> **Work request**
Every line from the one holding "Thời Trang Nữ" through the one holding "One summer over" in the data below must be returned exactly, both ends included, with pictures left out and nothing else added.

> **Data section**
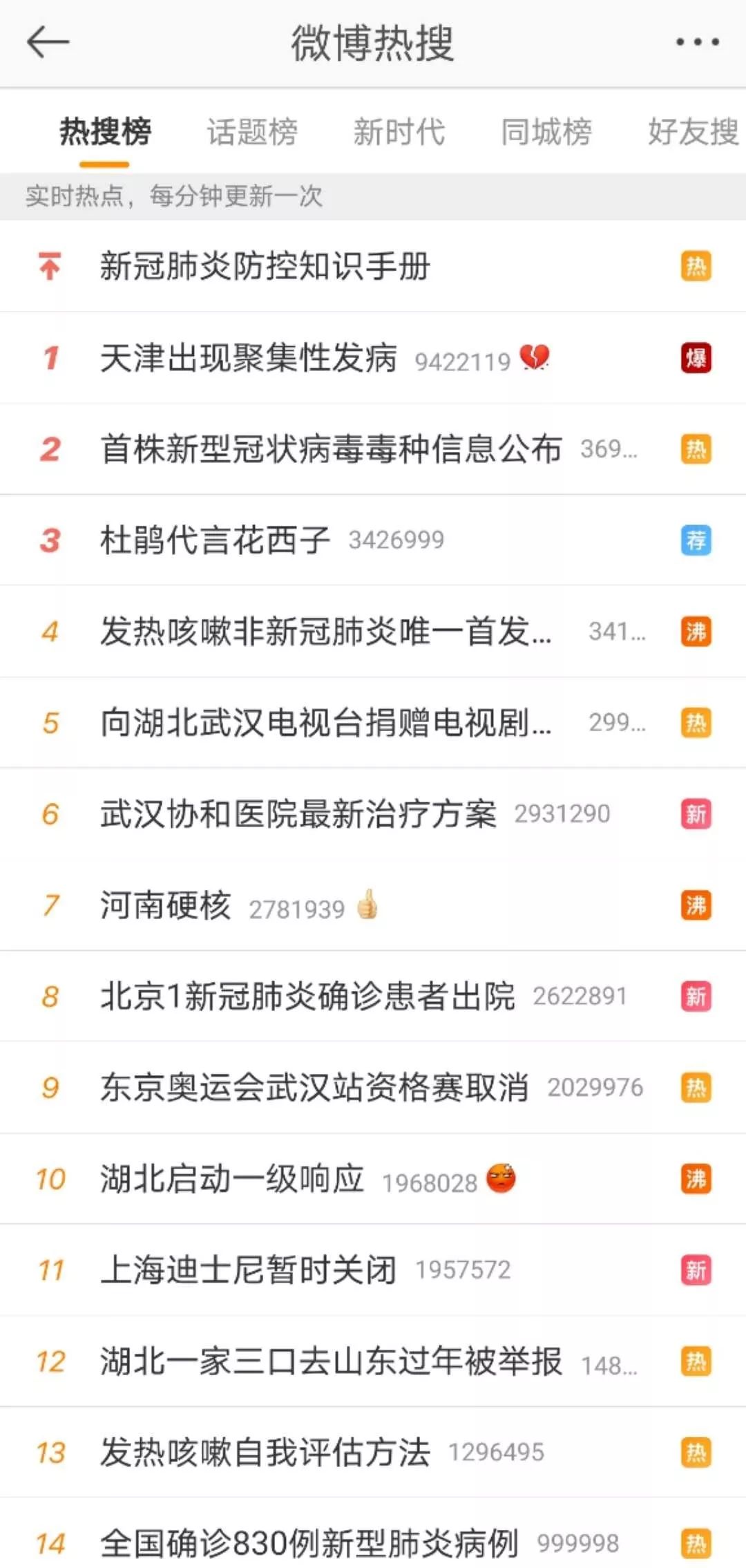 大年三十当天,微博热搜被新型肺炎彻底承包。刷微博时,也大多是关于新型肺炎的各类消息,娱乐信息大大减少,就连春晚节目单的信息也被肺炎疫情的报道淹没。
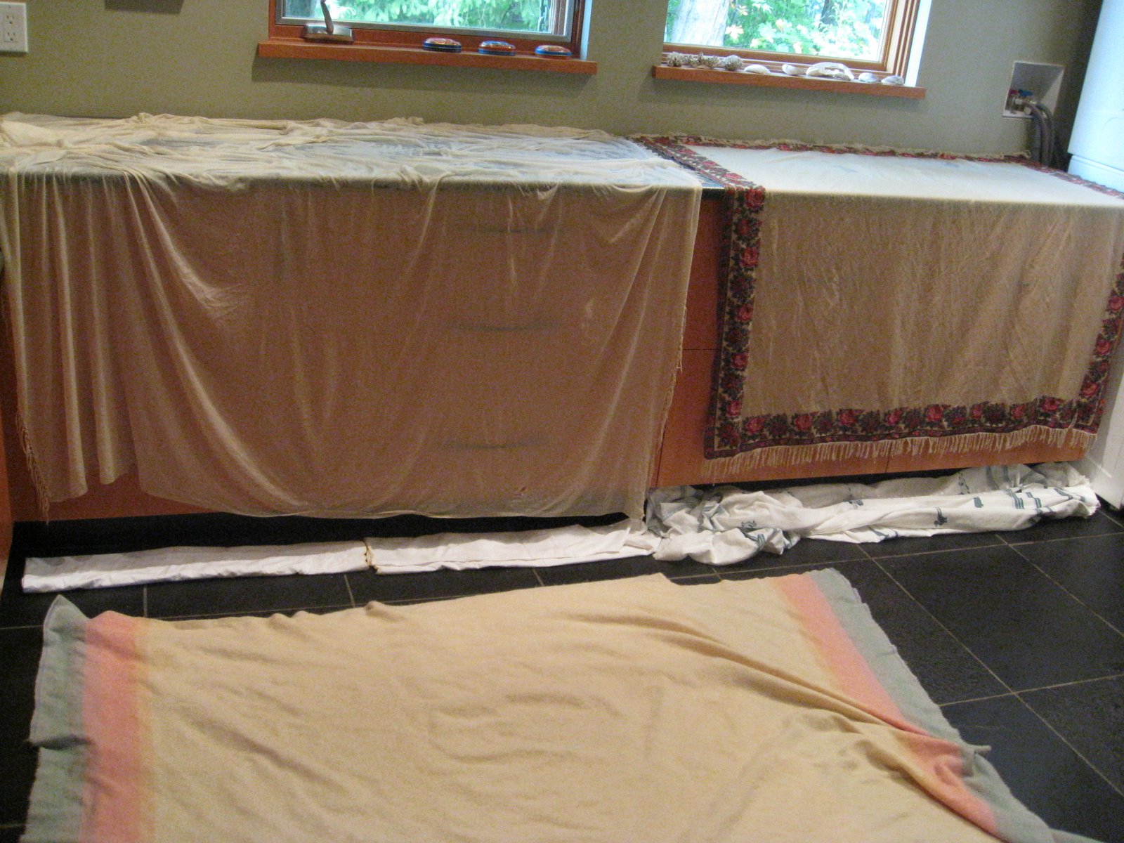 Hand washing some of my thrift store finds and successful bids at auction houses.2 fine wool shawls, one with beautiful, woven, floral border
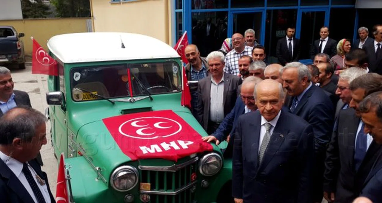 Nostaljik araçlara olan merakıyla bilinen Milliyetçi Hareket Partisi (MHP) Genel Başkanı Dr. Devlet Bahçeli’ye geceyi geçirdiği Gümüşhane’de kaldığı otelin bahçesinde bulunan 1952 model Willys Wagon jip hediye edildi.
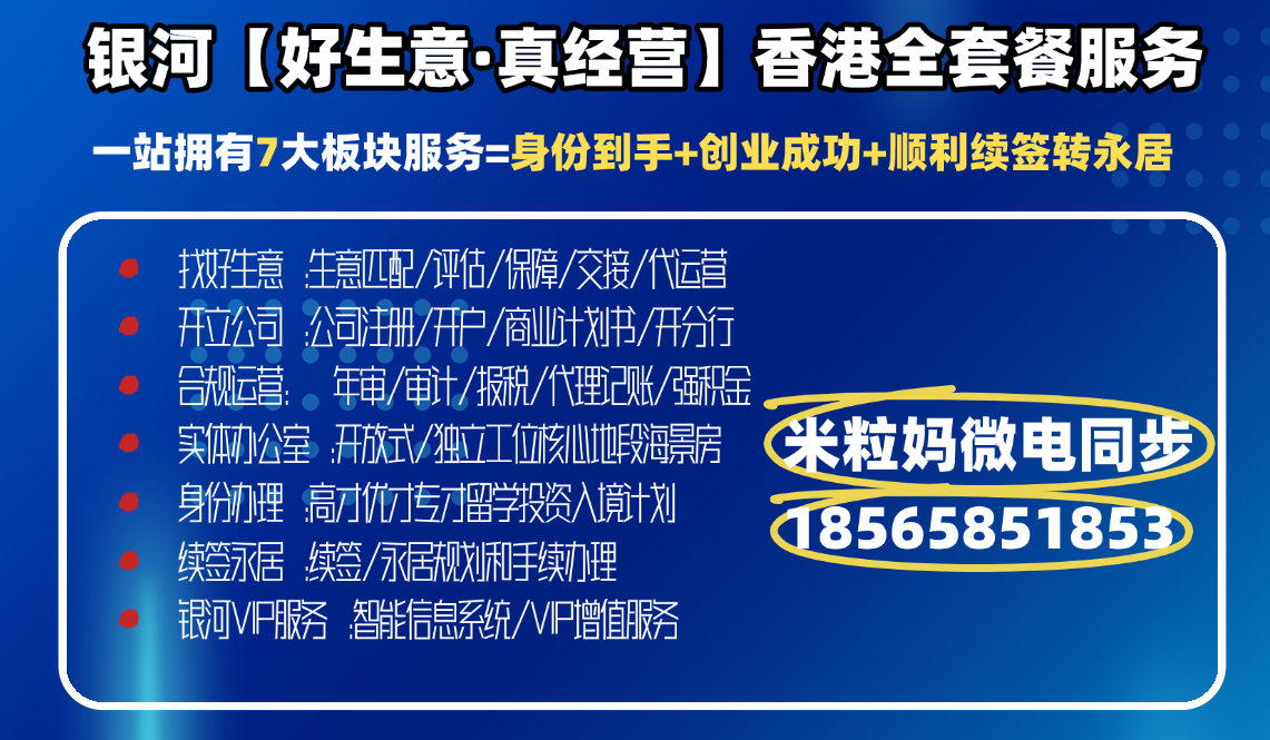 香港身份办理、创业和续签都找银河集团,从香港身份办理、选项目、收购店铺、租赁办公室、到后期招人、商务服务、公司代理运营管理,续签和永居手续办理, 银河集团全都帮您搞定。选银河不仅是选一个服务机构,更是选一个懂香港、懂创业、懂续签的长期伙伴!银河【好生意·真经营】=身份到手+创业成功+顺利续签转永居。想要了解银河集团【好生意·真经营】项目可以加银河米粒妈微信详细沟通(18565851853&17675416895)
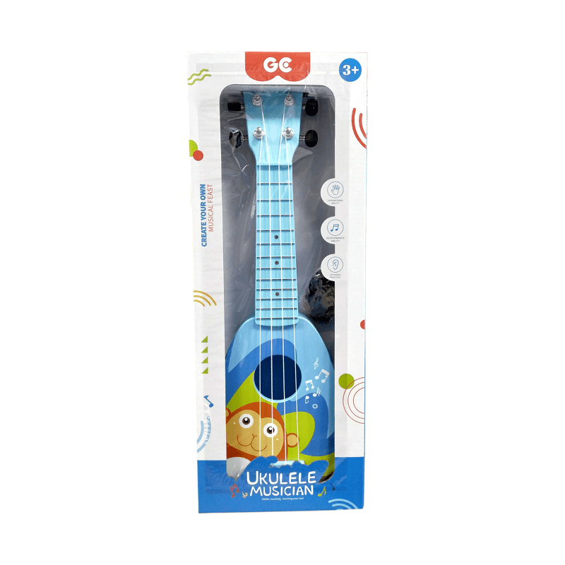 Chitarra per bambini con design colorato, adatta per bambini dai 3 anni in su. Conforme agli standard di sicurezza e con dimensioni compatte 46x18x6,5 cm — ideale per le prime esperienze musicali e come regalo.
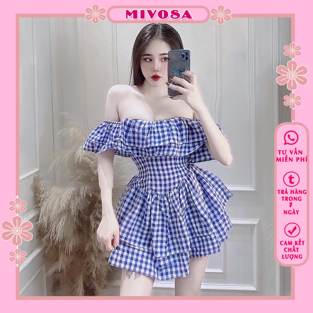 Thời Trang Nữ > Đồ liền thân > Đồ bay (Jumpsuits) || Váy kẻ xanh trễ vai dáng xòe tôn eo bánh bèo MIVOSA VN743
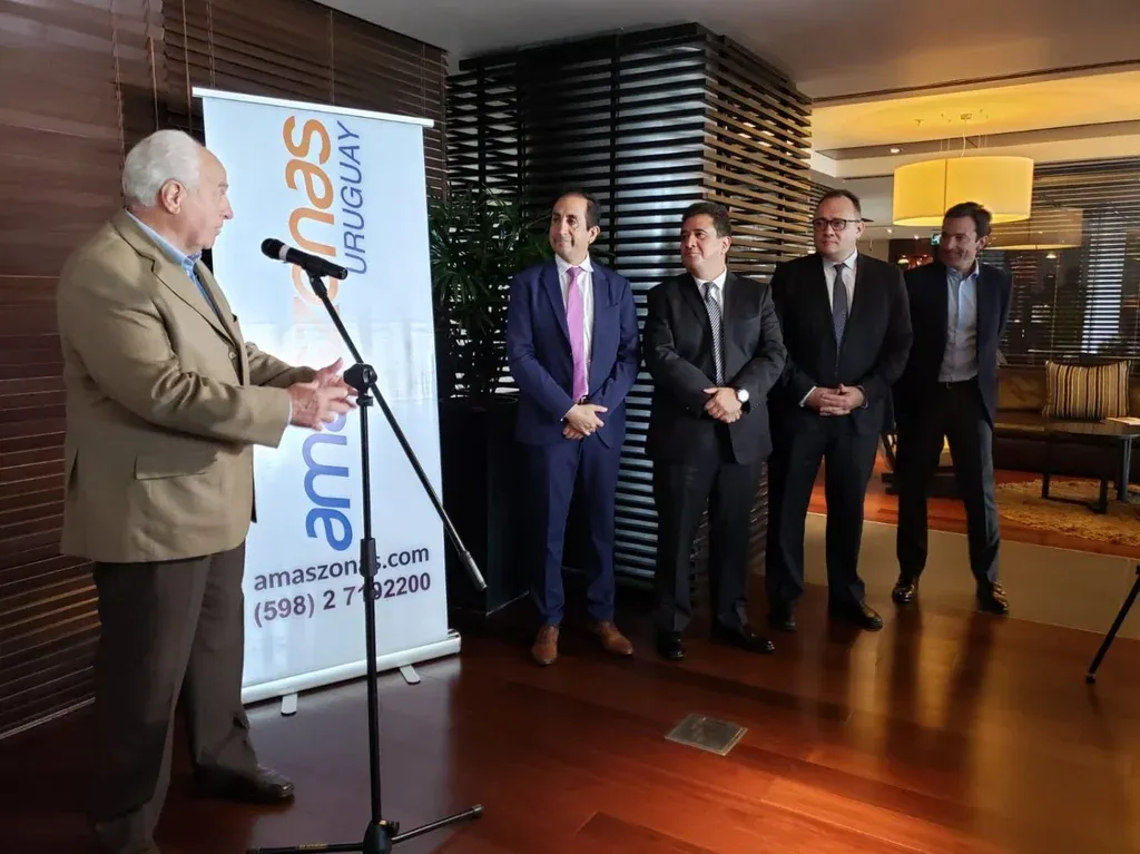 La aerolínea Amaszonas bautizó en octubre de este año una nueva etapa de renovación de su flota, cuando el Jet Embraer 190 arribó al aeropuerto internacional de Carrasco. Con 112 plazas disponibles, la nave fue recibida por el ministro de Transporte de Uruguay, Víctor Rossi, el Vicepresidente del Grupo Amaszonas, Luis Vera, el vicepresidente legal del Grupo Amaszonas, Dr. Sergio León, y el gerente general de Puerta del Sur, Diego Arrosa.
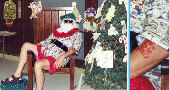 One summer over ten years ago, our church in Baton Rouge had “Christmas in July.” The usual “Santa” was unavailable so I got drafted. It was my only  and closest encounter with Sainthood. My wife made me a Hawaiian shirt with Christmas themed material, a do-rag, and I got a temporary tattoo.
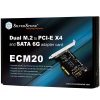 SilverStone’s ECM20 is an adapter designed for users wanting to utilize or add speedy M.2 devices such as SSD onto their existing PC or motherboard. In addition to supporting one M.2 device (M key) to run via the super fast PCI-E interface at up to 32Gbps, a second M.2 slot (B key) is available for connecting to a SATA III port for added storage potential. For users looking to have the fastest data access speed on a desktop computer, the ECM20 is a must have.
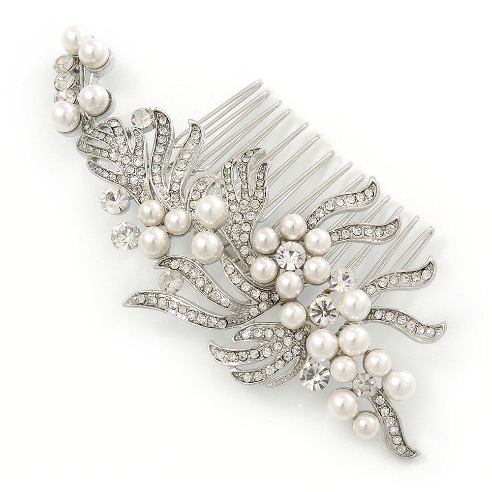 Want picture-perfect hair? Slip this beaut comb into the back of your ponytail or use it to hold your hair away from your face. Featuring a large side hair comb, crafted in rhodium plated metal and decorated with a floral motif. The flowers made of white glass pearls, the leaves with clear Austrian crystals. The comb measures 105mm across and is approximately 50mm long. Sparkle away no matter the occasion! This product does not contain any natural pearls.
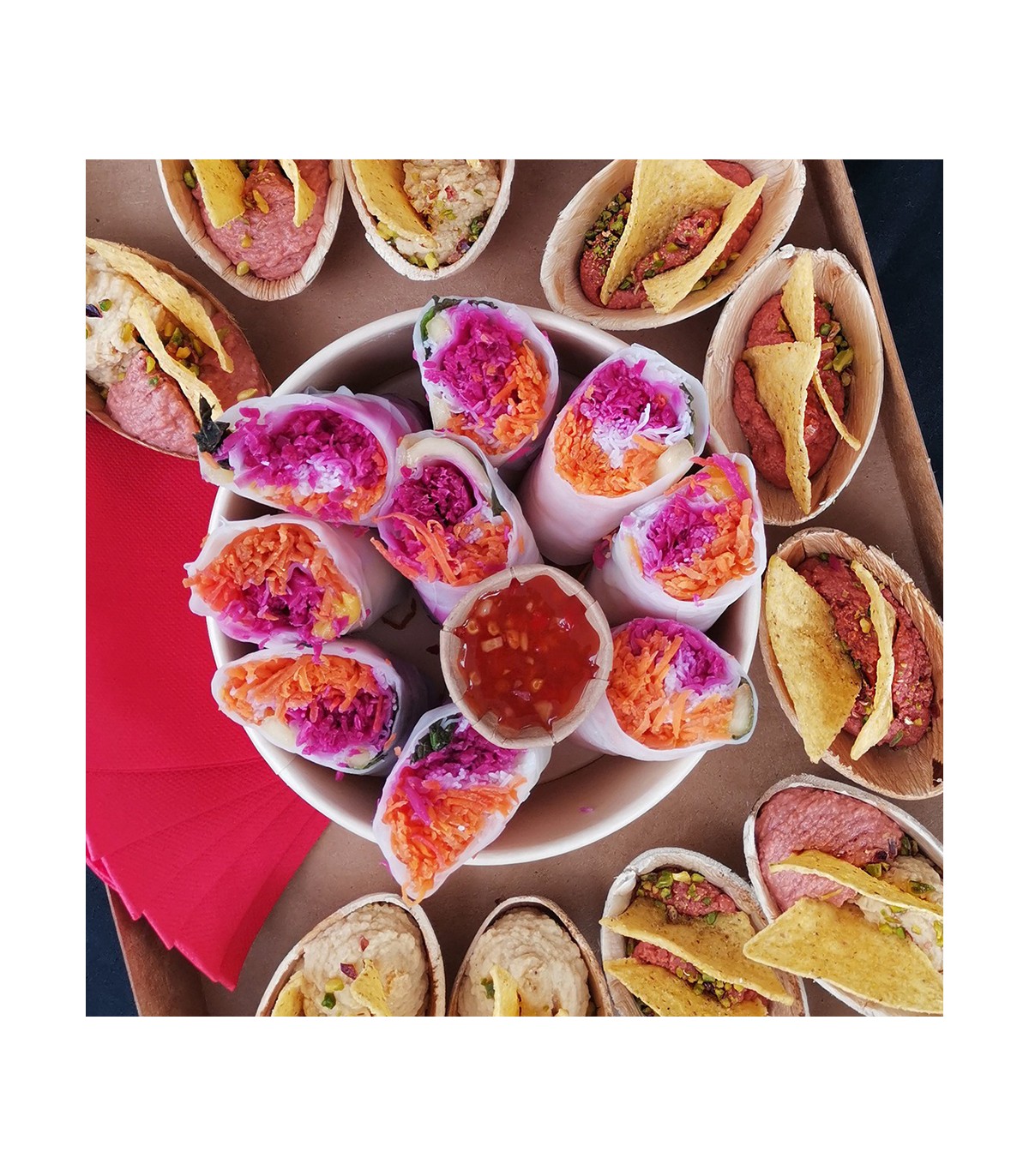 Chou rouge, mangue, carotte, soja, menthe, enroulé dans une feuille de riz, se déguste frais avec une sauce aigre douce !
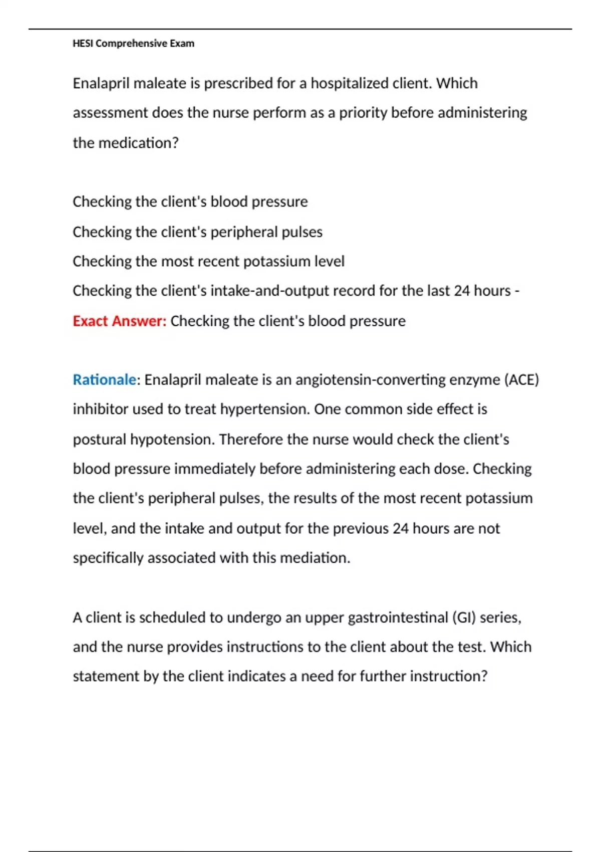 Checking the client's intake-and-output record for the last 24 hours - Exact Answer: Checking the client's blood pressure Rationale: Enalapril maleate is an angiotensin-converting enzyme (ACE) inhibitor used to treat hypertension. One common side effect is postural hypotension. Therefore the nurse would check the client's blood pressure immediately before administering each dose. Checking the client's peripheral pulses, the results of the most recent potassium level, and the intake and output for the previous 24 hours are not specifically associated with this mediation.
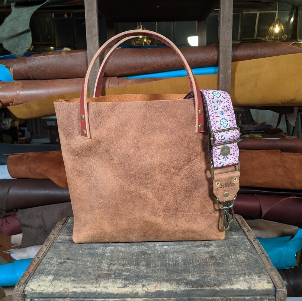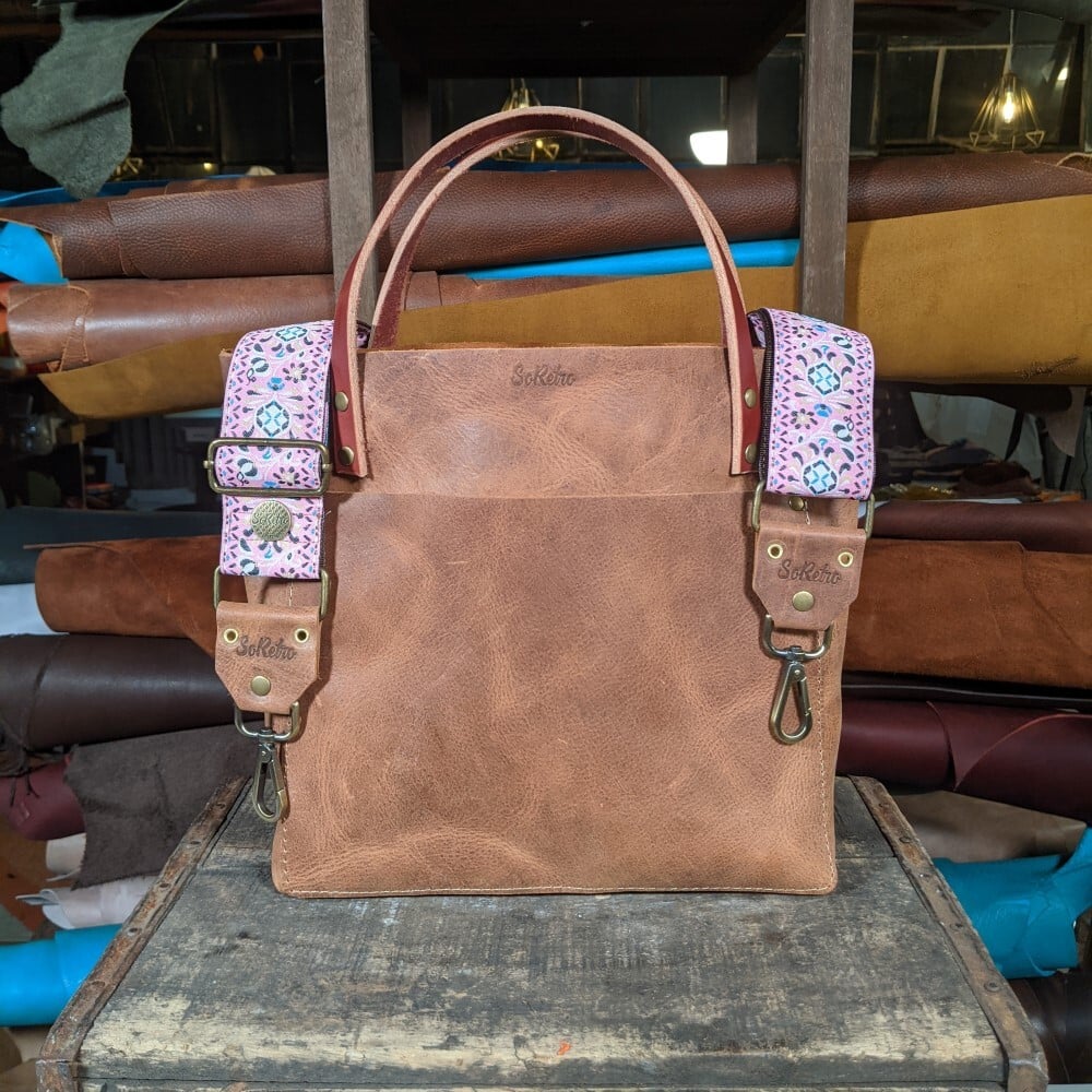 SoRetro FYG Leather Crossbody Tote – Graham Crackers with Eden Gardens on Chocolate Brown

> **Completed exercise**
 Thời Trang Nữ > Đồ liền thân > Đồ bay (Jumpsuits) || Váy kẻ xanh trễ vai dáng xòe tôn eo bánh bèo MIVOSA VN743
 La aerolínea Amaszonas bautizó en octubre de este año una nueva etapa de renovación de su flota, cuando el Jet Embraer 190 arribó al aeropuerto internacional de Carrasco. Con 112 plazas disponibles, la nave fue recibida por el ministro de Transporte de Uruguay, Víctor Rossi, el Vicepresidente del Grupo Amaszonas, Luis Vera, el vicepresidente legal del Grupo Amaszonas, Dr. Sergio León, y el gerente general de Puerta del Sur, Diego Arrosa.
 One summer over ten years ago, our church in Baton Rouge had “Christmas in July.” The usual “Santa” was unavailable so I got drafted. It was my only  and closest encounter with Sainthood. My wife made me a Hawaiian shirt with Christmas themed material, a do-rag, and I got a temporary tattoo.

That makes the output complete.